-------- Supplied data --------

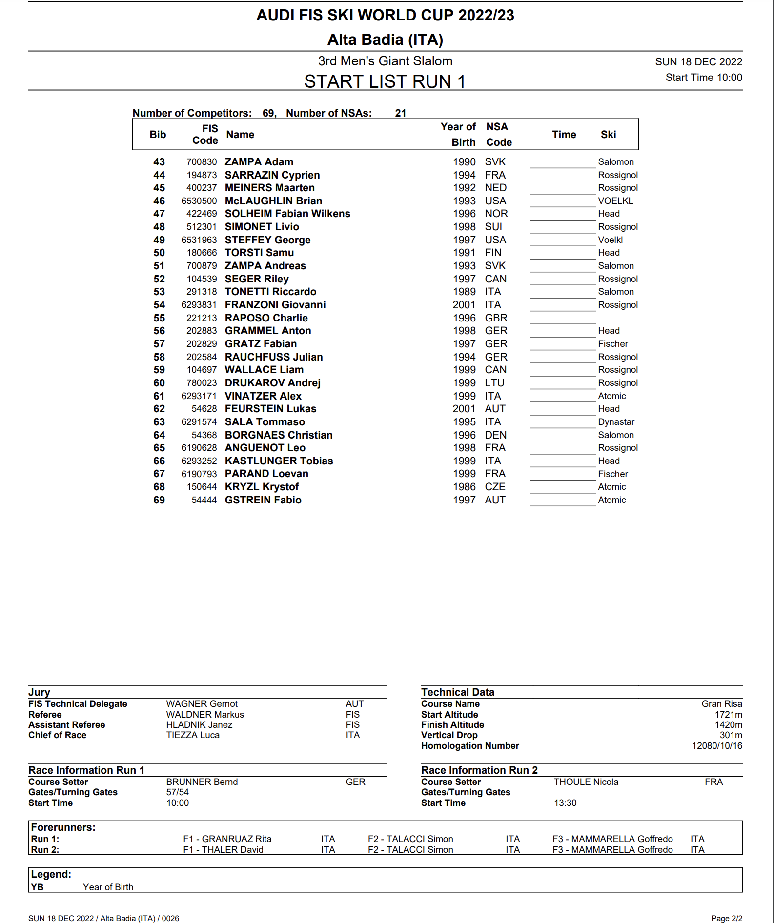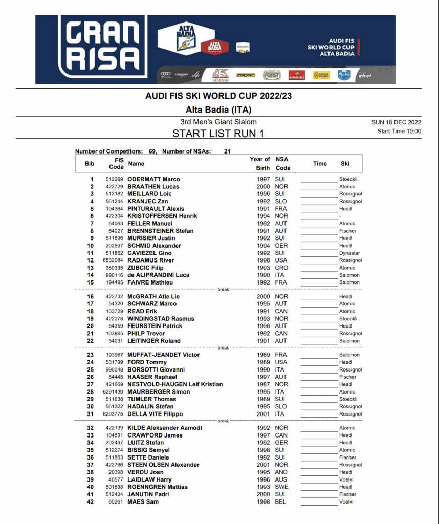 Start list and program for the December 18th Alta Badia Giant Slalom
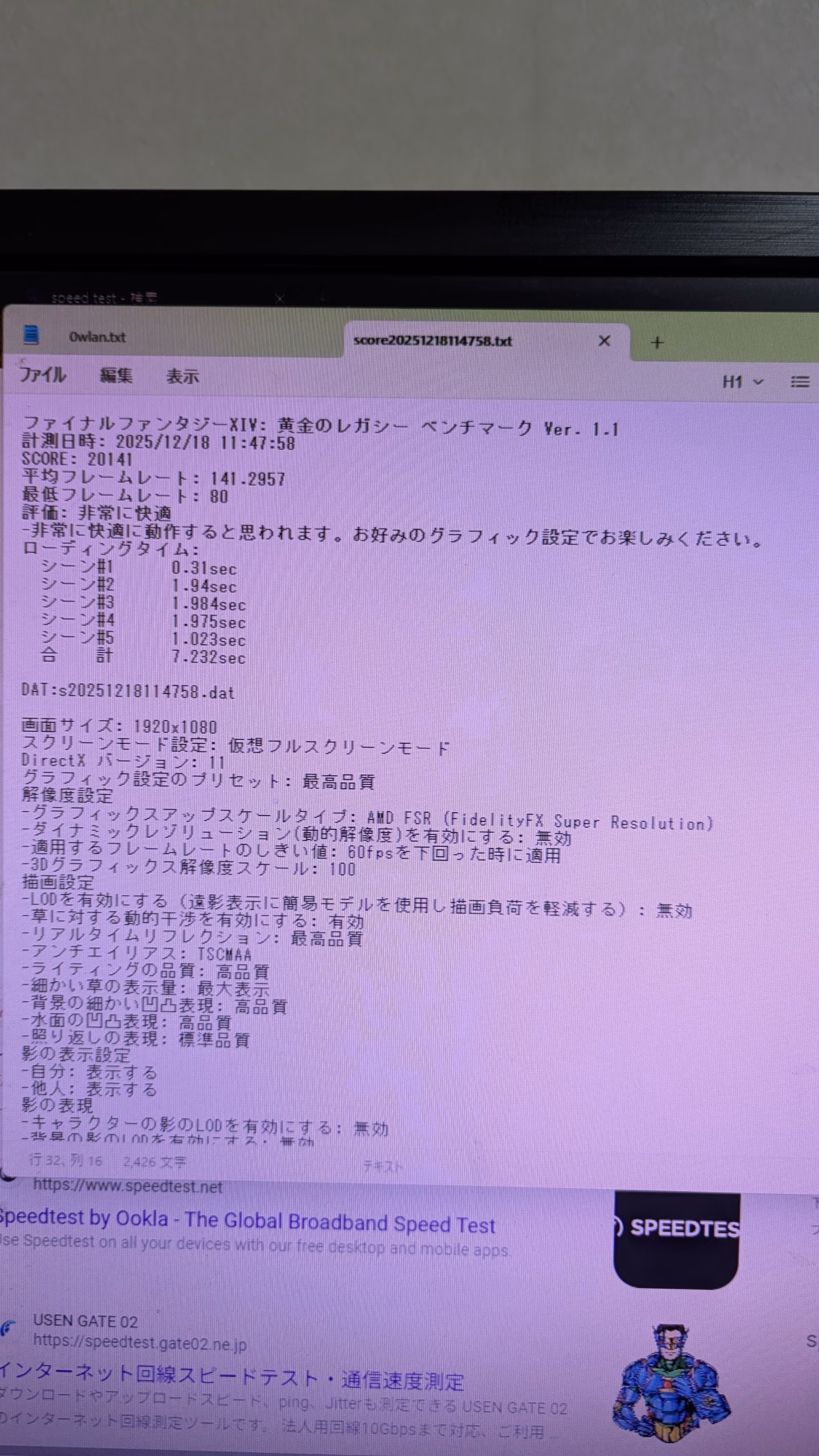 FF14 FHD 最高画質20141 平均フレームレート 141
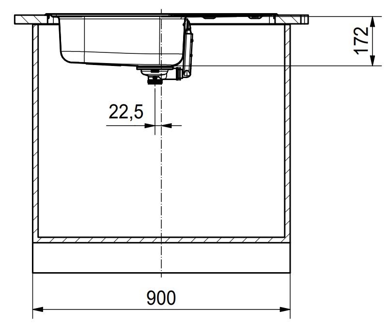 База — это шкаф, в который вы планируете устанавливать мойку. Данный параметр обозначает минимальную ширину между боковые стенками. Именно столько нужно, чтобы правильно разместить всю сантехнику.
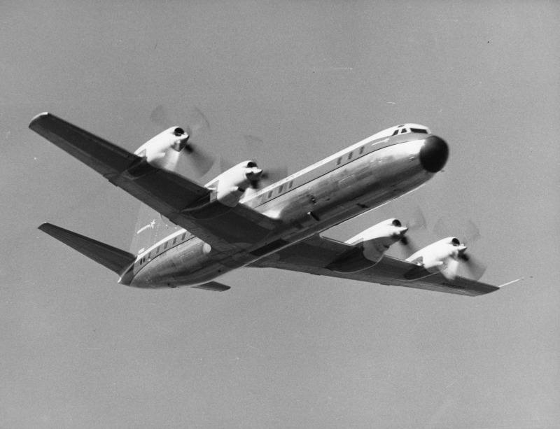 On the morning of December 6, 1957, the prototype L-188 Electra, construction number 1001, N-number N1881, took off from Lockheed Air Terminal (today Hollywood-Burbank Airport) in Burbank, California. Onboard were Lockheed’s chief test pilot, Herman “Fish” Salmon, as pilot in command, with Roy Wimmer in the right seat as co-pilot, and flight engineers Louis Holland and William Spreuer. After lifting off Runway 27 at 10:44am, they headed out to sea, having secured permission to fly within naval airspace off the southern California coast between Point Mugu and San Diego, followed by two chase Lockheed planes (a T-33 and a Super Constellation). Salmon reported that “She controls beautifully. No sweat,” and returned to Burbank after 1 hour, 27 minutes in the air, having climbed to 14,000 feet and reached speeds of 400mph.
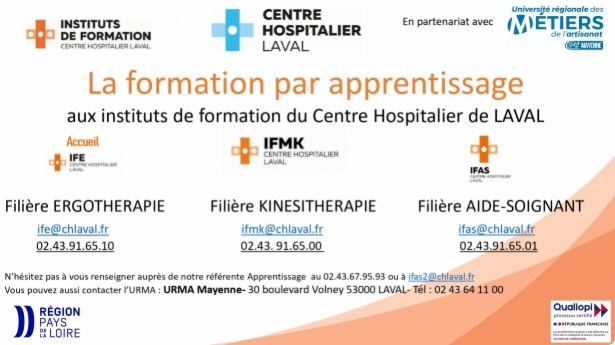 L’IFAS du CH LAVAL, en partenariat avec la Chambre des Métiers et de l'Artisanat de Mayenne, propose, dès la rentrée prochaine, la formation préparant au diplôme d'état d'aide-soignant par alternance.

--------
-------- Supplied data --------

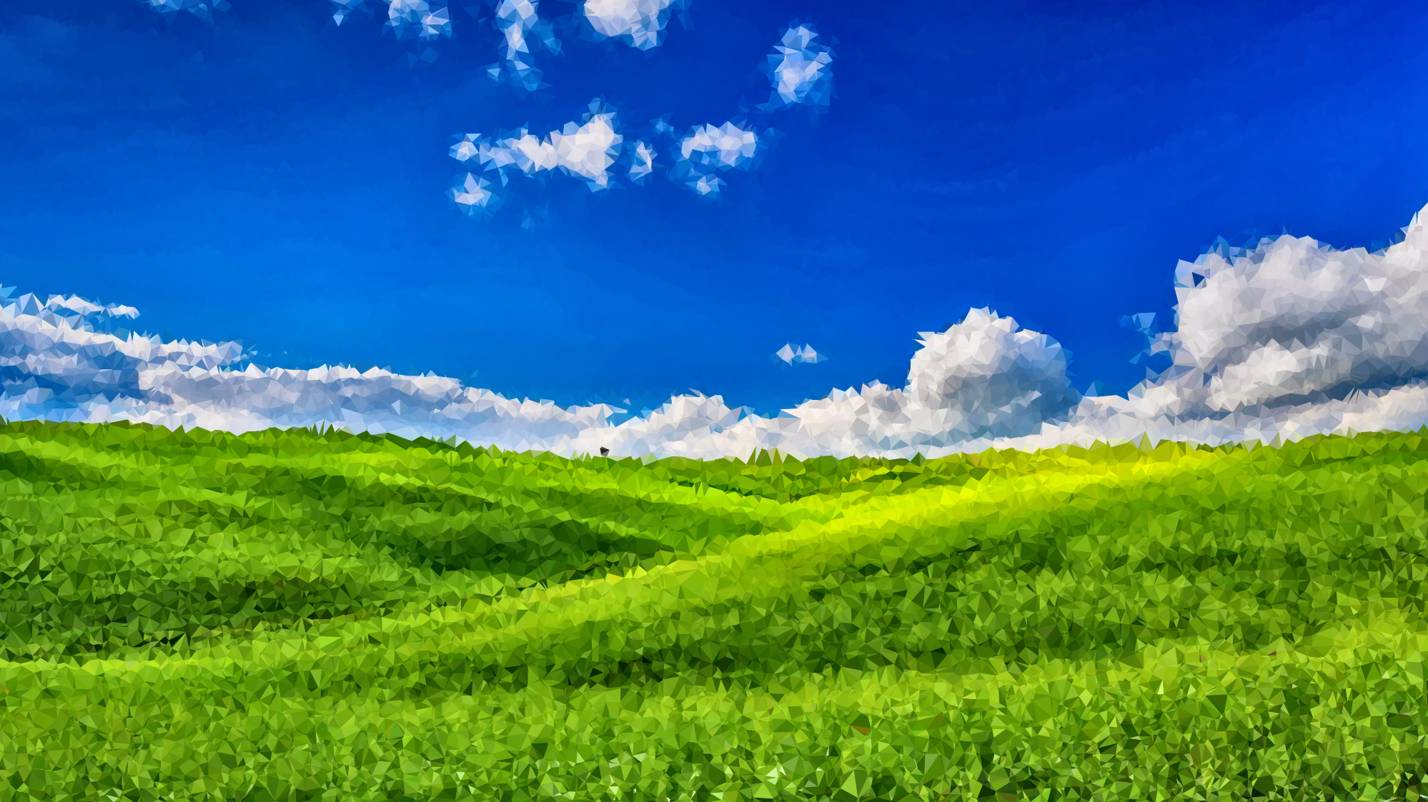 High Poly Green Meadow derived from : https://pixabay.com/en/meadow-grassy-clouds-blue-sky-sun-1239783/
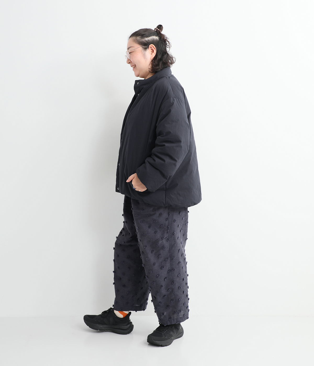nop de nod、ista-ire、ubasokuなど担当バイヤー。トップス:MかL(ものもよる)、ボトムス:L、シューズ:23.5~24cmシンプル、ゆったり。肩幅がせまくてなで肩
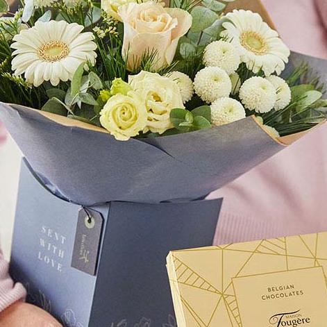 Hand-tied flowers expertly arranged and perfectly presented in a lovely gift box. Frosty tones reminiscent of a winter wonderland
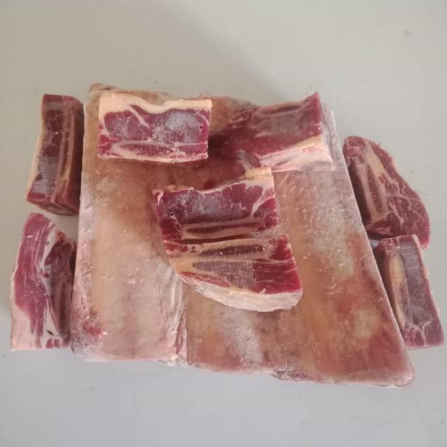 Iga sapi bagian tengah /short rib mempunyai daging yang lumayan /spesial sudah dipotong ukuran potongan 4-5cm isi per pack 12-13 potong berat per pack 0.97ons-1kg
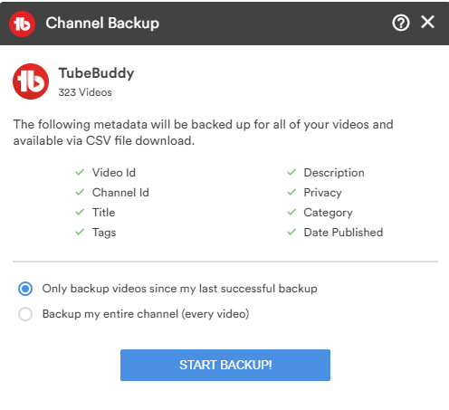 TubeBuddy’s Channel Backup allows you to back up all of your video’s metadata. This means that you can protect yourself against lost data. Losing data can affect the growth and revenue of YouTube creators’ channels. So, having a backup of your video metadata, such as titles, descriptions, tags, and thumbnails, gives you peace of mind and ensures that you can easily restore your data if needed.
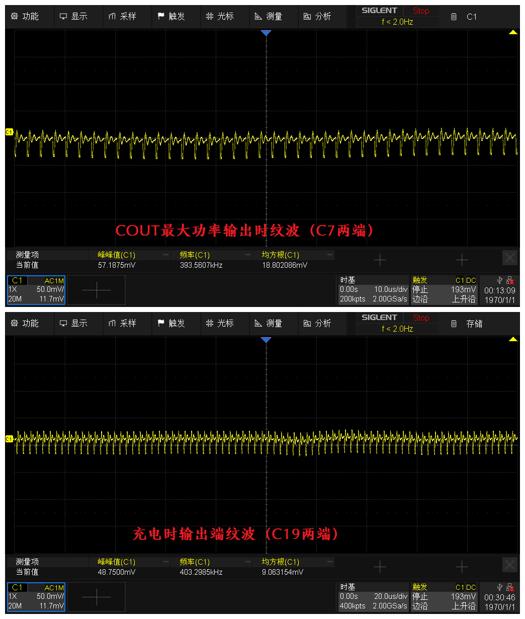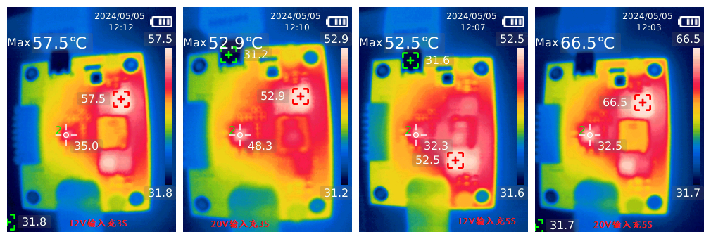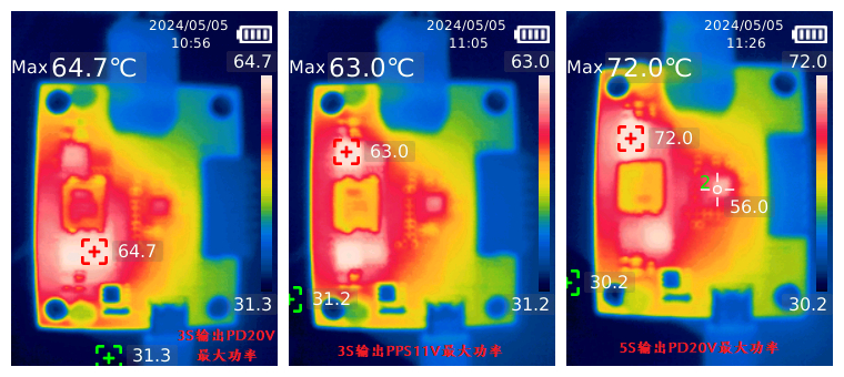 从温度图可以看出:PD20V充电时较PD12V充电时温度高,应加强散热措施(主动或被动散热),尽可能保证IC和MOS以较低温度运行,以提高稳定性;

--------

*Action item:*
Among the entries above, locate the line with "TubeBuddy’s Channel Backup" and the line with "从温度图可以看出:PD20V". Give those two lines and all lines between them again, exactly, leaving out the pictures.

*Task answer:*
 TubeBuddy’s Channel Backup allows you to back up all of your video’s metadata. This means that you can protect yourself against lost data. Losing data can affect the growth and revenue of YouTube creators’ channels. So, having a backup of your video metadata, such as titles, descriptions, tags, and thumbnails, gives you peace of mind and ensures that you can easily restore your data if needed.
 从温度图可以看出:PD20V充电时较PD12V充电时温度高,应加强散热措施(主动或被动散热),尽可能保证IC和MOS以较低温度运行,以提高稳定性;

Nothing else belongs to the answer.